The West Midlands conurbation is the large conurbation that includes the cities of Birmingham and Wolverhampton and the towns of Sutton Coldfield, Dudley, Walsall, West Bromwich, Solihull, Stourbridge and Halesowen in the West Midlands, England. It is also referred to as the Birmingham urban area and is one of the most populated and densely populated built-up areas in the United Kingdom.

Not to be confused with the region or metropolitan county of the same name, the conurbation does not include parts of the metropolitan county such as Coventry, but does include parts of the surrounding counties of Staffordshire (e.g. Little Aston, Perton and Essington) and Worcestershire (such as Hagley and Hollywood).

According to the 2011 Census the area had a population of 2,440,986, making it the third most populated in the United Kingdom behind the Greater London and the Urban areas of Greater Manchester.  The conurbation sits within the UK's (and therefore England's) largest metropolitan area outside London (known as the Birmingham Metropolitan Area).
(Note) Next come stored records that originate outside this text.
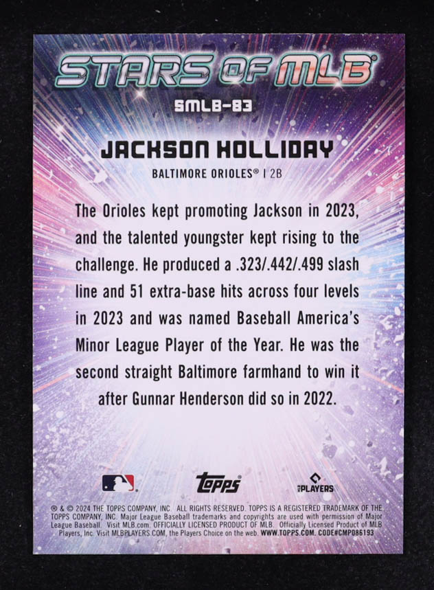 Jackson Holliday 2024 Topps Stars of MLB #SMLB83 RC
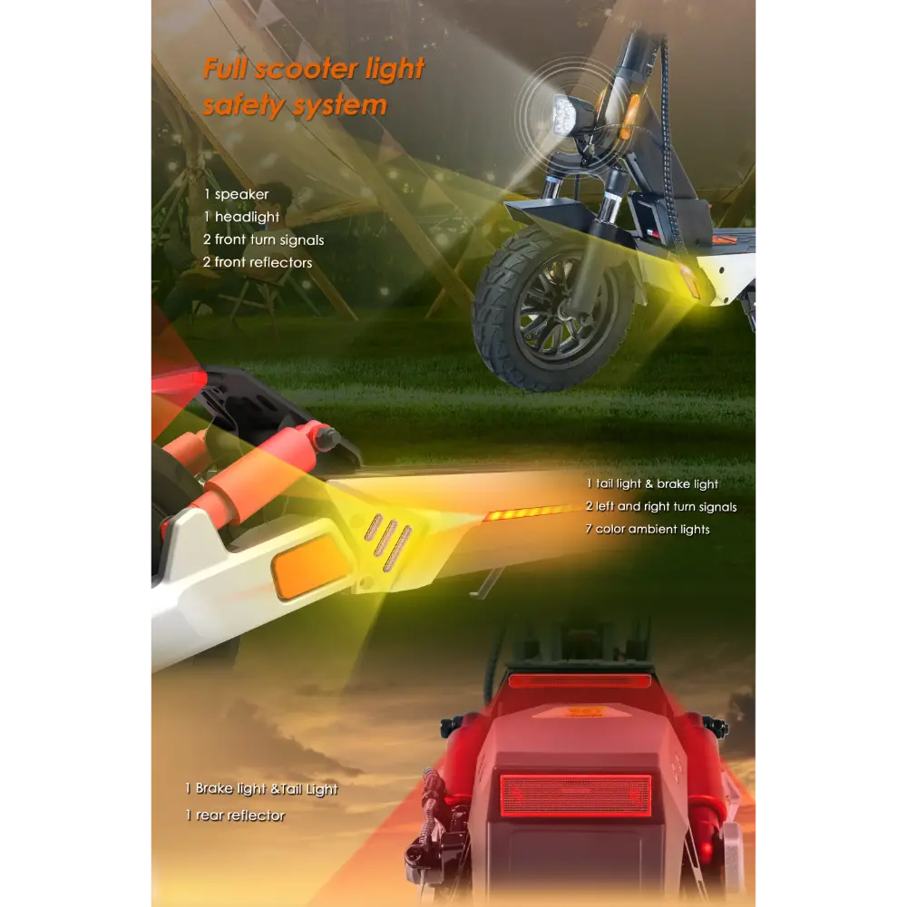 - Système d’éclairage : phare à faisceau large, feu stop, clignotants et éclairage d’ambiance à 7 couleurs
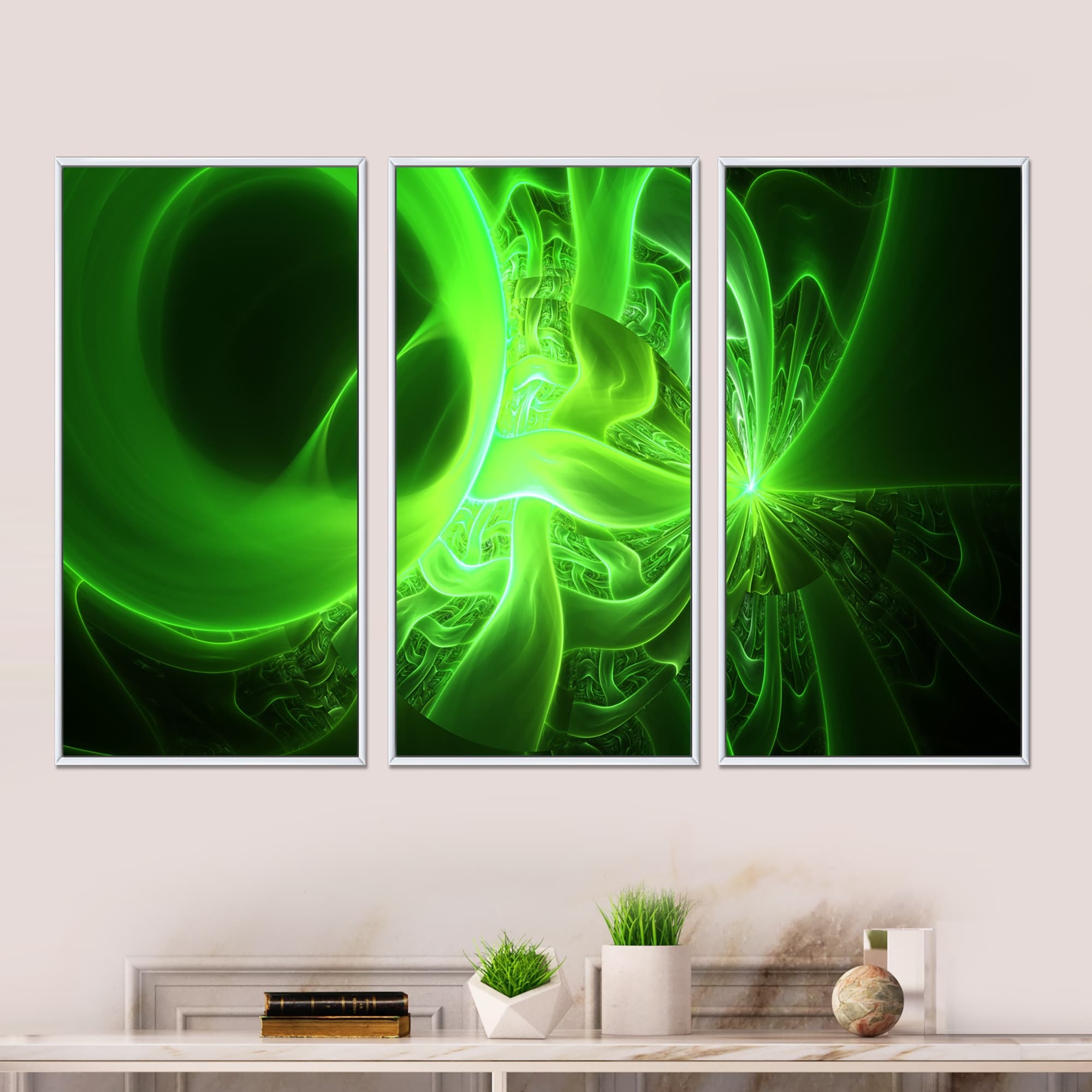 Designart "Bright Green Designs on Black" Abstract Framed Canvas Wall Art Print Set of 3 - 4 Colors of Frames
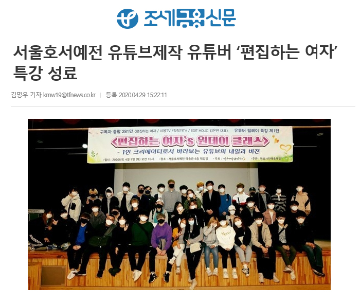 [언론보도]유튜브제작, 유튜버 ‘편집하는 여자’ 특강 성료

The conurbation also has several other unofficial names such as Greater Birmingham, the West Midlands Metro Area, the Birmingham conurbation, and the Birmingham-Wolverhampton conurbation.  However it is (Greater) Birmingham & The Black Country that has gained the widest traction as an alternative to the generally unpopular official name of the Conurbation.  An example of this is the tagline used by BBC Radio WM - “The sound of Birmingham & The Black Country”.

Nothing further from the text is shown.